On 2016-09-07 11:44:01 -0700, Peter Geoghegan wrote:
> diff --git a/contrib/amcheck/amcheck--1.0.sql b/contrib/amcheck/amcheck--1.0.sql
> new file mode 100644
> index 0000000..ebbd6ac
> --- /dev/null
> +++ b/contrib/amcheck/amcheck--1.0.sql
> @@ -0,0 +1,20 @@
> +/* contrib/amcheck/amcheck--1.0.sql */
> +
> +-- complain if script is sourced in psql, rather than via CREATE EXTENSION
> +\echo Use "CREATE EXTENSION amcheck" to load this file. \quit
> +
> +--
> +-- bt_index_check()
> +--
> +CREATE FUNCTION bt_index_check(index regclass)
> +RETURNS VOID
> +AS 'MODULE_PATHNAME', 'bt_index_check'
> +LANGUAGE C STRICT;
> +
> +--
> +-- bt_index_parent_check()
> +--
> +CREATE FUNCTION bt_index_parent_check(index regclass)
> +RETURNS VOID
> +AS 'MODULE_PATHNAME', 'bt_index_parent_check'
> +LANGUAGE C STRICT;

I'd really want a function that runs all check on a table.

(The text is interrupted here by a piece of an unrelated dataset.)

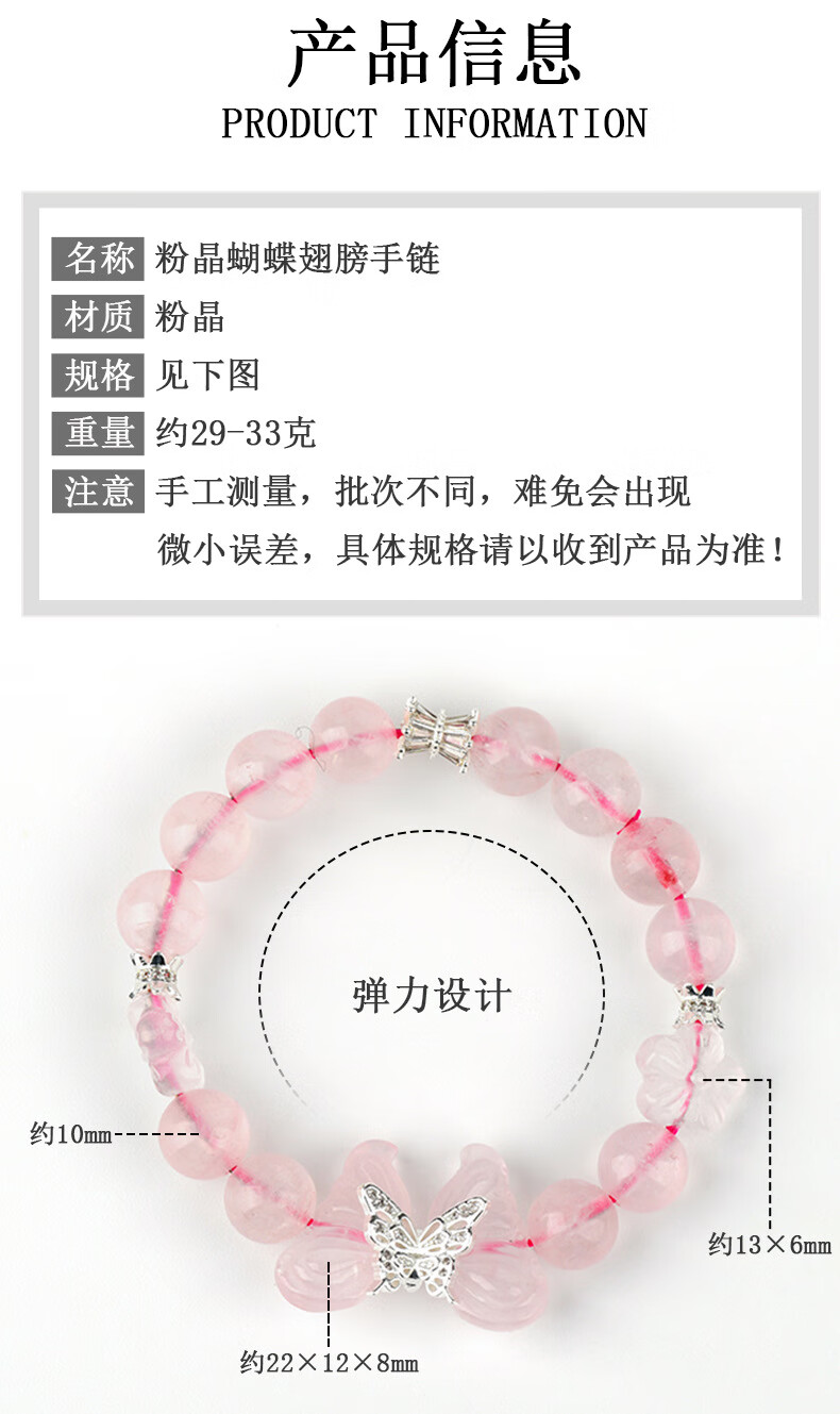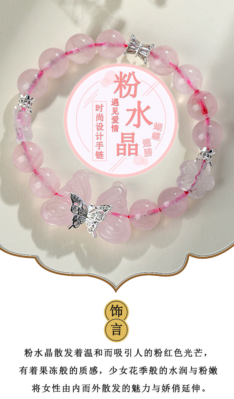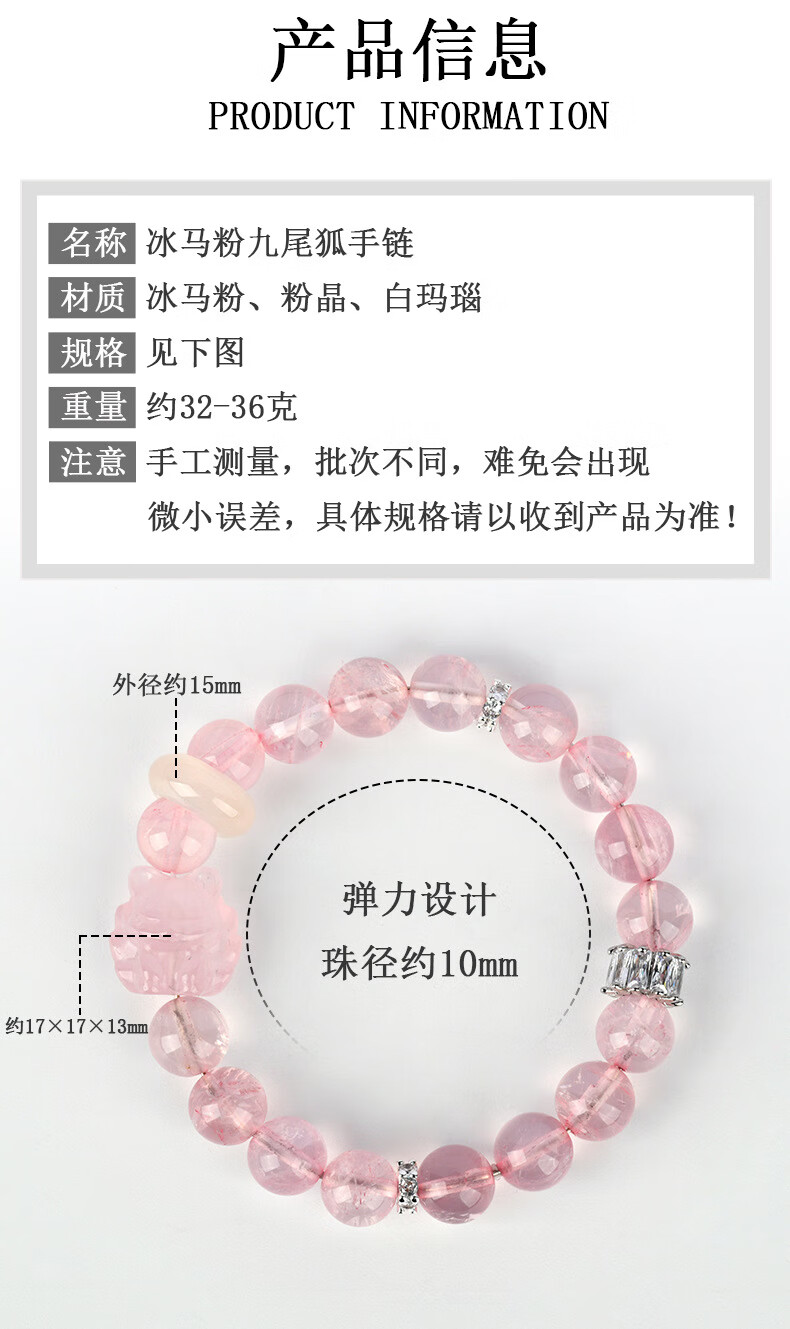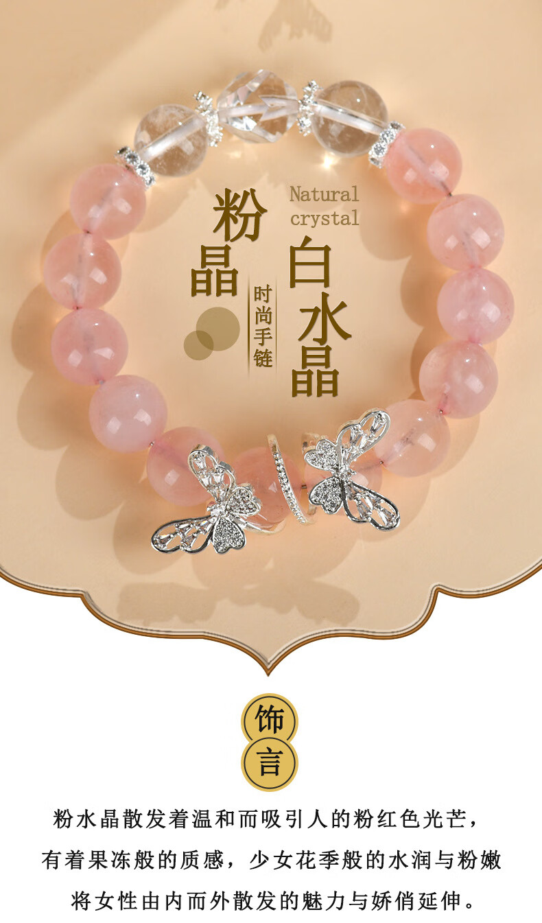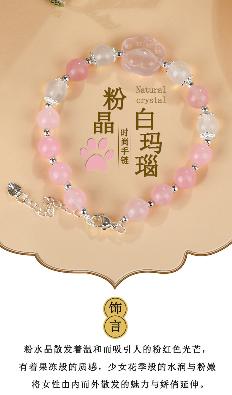 莫桑比克星光粉天然水晶海蓝宝手链粉晶猫爪九尾狐跑环白水晶手串 Z1479粉晶白水晶手链

> +#define CHECK_SUPERUSER() { \
> + if (!superuser()) \
> + ereport(ERROR, \
> + (errcode(ERRCODE_INSUFFICIENT_PRIVILEGE), \
> + (errmsg("must be superuser to use verification functions")))); }

Why is this a macro?

> +/*
> + * Callers to verification functions should never receive a false positive
> + * indication of corruption. Therefore, when using amcheck functions for
> + * stress testing, it may be useful to temporally change the CORRUPTION elevel
> + * to PANIC, to immediately halt the server in the event of detecting an
> + * invariant condition violation. This may preserve more information about the
> + * nature of the underlying problem. Note that modifying the CORRUPTION
> + * constant to be an elevel < ERROR is not well tested.
> + */
> +#ifdef NOT_USED
> +#define CORRUPTION PANIC
> +#define CONCERN WARNING
> +#define POSITION NOTICE
> +#else
> +#define CORRUPTION ERROR
> +#define CONCERN DEBUG1
> +#define POSITION DEBUG2
> +#endif

Hm, if we want that - and it doesn't seem like a bad idea - I think we
should be make it available without recompiling.

> +/*
> + * A B-Tree cannot possibly have this many levels, since there must be one
> + * block per level, which is bound by the range of BlockNumber:
> + */
> +#define InvalidBtreeLevel ((uint32) InvalidBlockNumber)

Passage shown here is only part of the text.